En ces temps de morosités boursières, les baisses conjuguées des différents marchés laissent penser qu'aucune valeur ne résiste à la crise. Cependant, une devise tire son épingle du jeu : le franc suisse.
Historiquement, le franc suisse est une des monnaies les plus stables au monde, c’est pourquoi il est perçu comme une valeur refuge : un investissement qui permet de surmonter les turbulences en période de crise ou de forte dépréciation des marchés et qui n'est pas sujet aux mêmes variations que le marché action par exemple. Donc, en cas de crise économique mondiale, les capitaux affluent vers le franc suisse en raison du degré élevé de confiance qu'il inspire.
La Suisse possède un système économique solide. Un compte courant positif et des réserves d'or suffisantes ont certes aidé à stabiliser les prix et à renforcer la valeur de la monnaie domestique, mais la force du franc suisse peut être directement attribuée à la politique monétaire conservatrice de la Banque Nationale Suisse. Celle-ci a toujours mené une politique anti-inflationniste d'inspiration monétariste dont se réjouit une grande partie de la population. Celle-ci n'a pas l'habitude de tolérer des déficits élevés et considère que les finances publiques doivent être équilibrées et gérées comme des budgets privés. En effet, la dette publique totale est estimée à 139.45 milliards de dollars, soit environ 53.8% du PIB. Cela fait de la Suisse l'un des pays les moins endettés du monde.

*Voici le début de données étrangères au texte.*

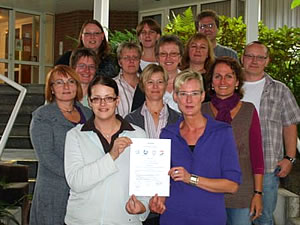 12 examinierte Pflegekräfte absolvierten einjährigen Palliative Care Kurs erfolgreich (September 2010) ![]() Nach 160 Unterrichtsstunden in vier Kurswochen halten 12 examinierte Pflegekräfte glücklich ihr Zertifikat zum Palliative Care Kurs, den die Evangelische Frauenhilfe in Westfalen e.V. durchführte, in den Händen. Fast ein Jahr haben sie sich berufsbegleitend mit der bestmöglichen Lebensqualität für Patientinnen und Patienten in deren letzten Lebensphase beschäftigt. Grundkenntnisse der Tumorschmerztherapie und Symptomkontrolle, psychologische Aspekte der Krankheitsbewältigung, Kommunikation mit dem Erkrankten und den Angehörigen, spezielle Möglichkeiten der Grund- und Behandlungspflege, Umgang mit Sterben, Tod und Trauer sowie religiöse, kulturelle und ethische Aspekte in der Sterbebegleitung waren Themenschwerpunkte. Die Teilnehmenden waren sehr zufrieden mit dem Verlauf der Tagung. Die vielfältigen Informationen auch im Hinblick auf die Anwendbarkeit im Pflegealltag, der kollegiale Austausch und die praxisnahe Ausrichtung der Tagung wurden gelobt. Der Palliative Care-Kurs wurde sowohl als berufliche Qualifizierung als Gewinn beschrieben, als auch bereichernd für das eigene Leben. |
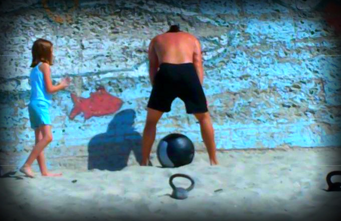 We woke up this morning, took a Dynamax and some kettlebells down to the beach and knocked out an awesome WOD.
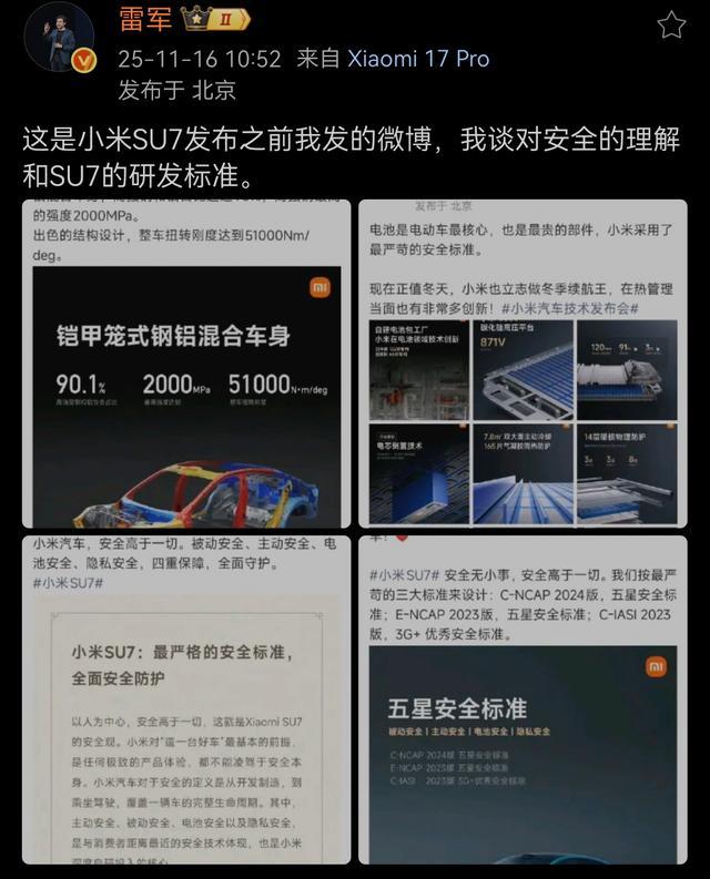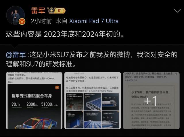 随后不久,雷军再发微博强调其早在小米SU7发布前就多次宣传小米汽车的安全性能。
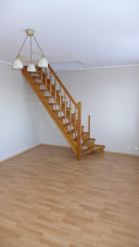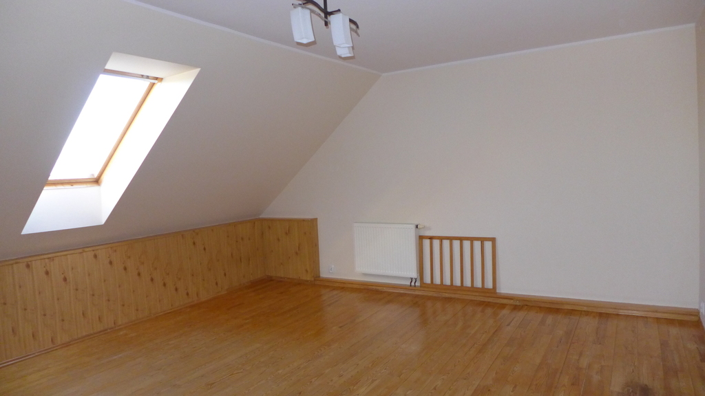 I poziom: dwa pokoje o powierzchni 20 i 10m2, z większego wyjście na taras o pow. 6m2. Na podłogach panele wysokiej jakości. Kuchnia 10m2-kuchenka elektryczna, płyta gazowa, zmywarka, okap, zabudowa kuchenna, pralka. Łazienka z wc w kaflach.

Le franc suisse se valorise donc lorsque le risque et la volatilité s'accroissent sur les marchés action, obligataire, etc... Cette tendance haussière a été initiée par le dénouement des carry-trades : les investisseurs s'endettaient dans des pays à faible taux d'intérêt (Suisse ou Japon en général) et plaçaient l'argent dans des pays à hauts taux d'intérêt. Mais vu la volatilité de cours boursiers actuels, les investisseurs ont été obligés de liquider leurs positions très rapidement. En conséquence le franc suisse s'est apprécié de près de 15% face au dollar américain (depuis avril), et de plus de 12% face à l'euro (depuis septembre) pour atteindre un niveau à 1.44 EUR, un sommet jamais atteint depuis six ans.
Pour conclure : aussi longtemps que les investisseurs craindront pour la sécurité de leurs actifs, quelle qu'en soit la raison, des fonds internationaux continueront à investir dans cette devise.